With Keith Lockhart's departure last May after 11 seasons as music director of the Utah Symphony, and the search committee's take-it-slow approach to finding a replacement, the orchestra found itself in the unusual situation of opening the new season this weekend without a music director in place.
And with the start of the new season this is a good time to examine Lockhart's tenure with the orchestra.
Two questions need to be examined and answered. What is Lockhart's legacy here, and, is the Utah Symphony a better orchestra now than when Lockhart came?
Lockhart's legacy as music director rests mainly on two things: his Gustav Mahler cycle and the merger of the Utah Symphony and Utah Opera in 2002.
In an obvious attempt to connect with legendary music director Maurice Abravanel, Lockhart made it a point to conduct at least one Mahler symphony each season.
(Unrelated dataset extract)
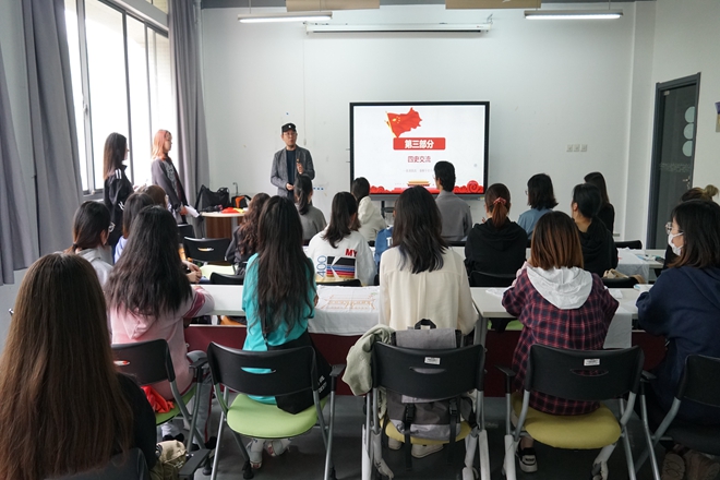 副院长潘春宇、分团委书记吴雨琛、辅导员于乐参加本次党史学习活动。活动由团支部书记吴晓博和副书记牛艺诺共同主持。

While his performances of these works weren't always well conceived or executed — and fall short of the recordings the orchestra made of them under Abravanel in the 1960s and '70s — Lockhart did introduce a new generation of concertgoers to Mahler's symphonies and reintroduced many of them into the symphony's repertoire.
When the symphony and opera announced plans to merge, Lockhart was one of the most vocal proponents of the union, insisting that it was the right thing to do in order to ensure each company's future in a world in which arts organizations were finding it increasingly difficult to operate in the black.
Whether this would have been the case with the Utah Symphony and Utah Opera will never be known, since the report commissioned by the two was unabashedly slanted in favor of a merger.
In any case, it didn't hurt either company once the newness of it wore off and the two companies could go ahead and do what they did best — independently of each other as in pre-merger days.
Lockhart also took the orchestra on its first European tour in nearly two decades, and it made its first recording since Joseph Silverstein's time as music director.
Unfortunately, neither was highly successful and didn't result in follow-up tours or recordings.
Lockhart came to Salt Lake City in 1998 as Silverstein's successor with a major handicap. At the time he was the music director of the Cincinnati Chamber Orchestra but better known as the conductor of the Boston Pops.
The symphonic repertoire was new to him as a conductor, so his firsthand experience with this music was rather limited. And, regrettably, he had a pops approach to many of the works in the standard repertoire.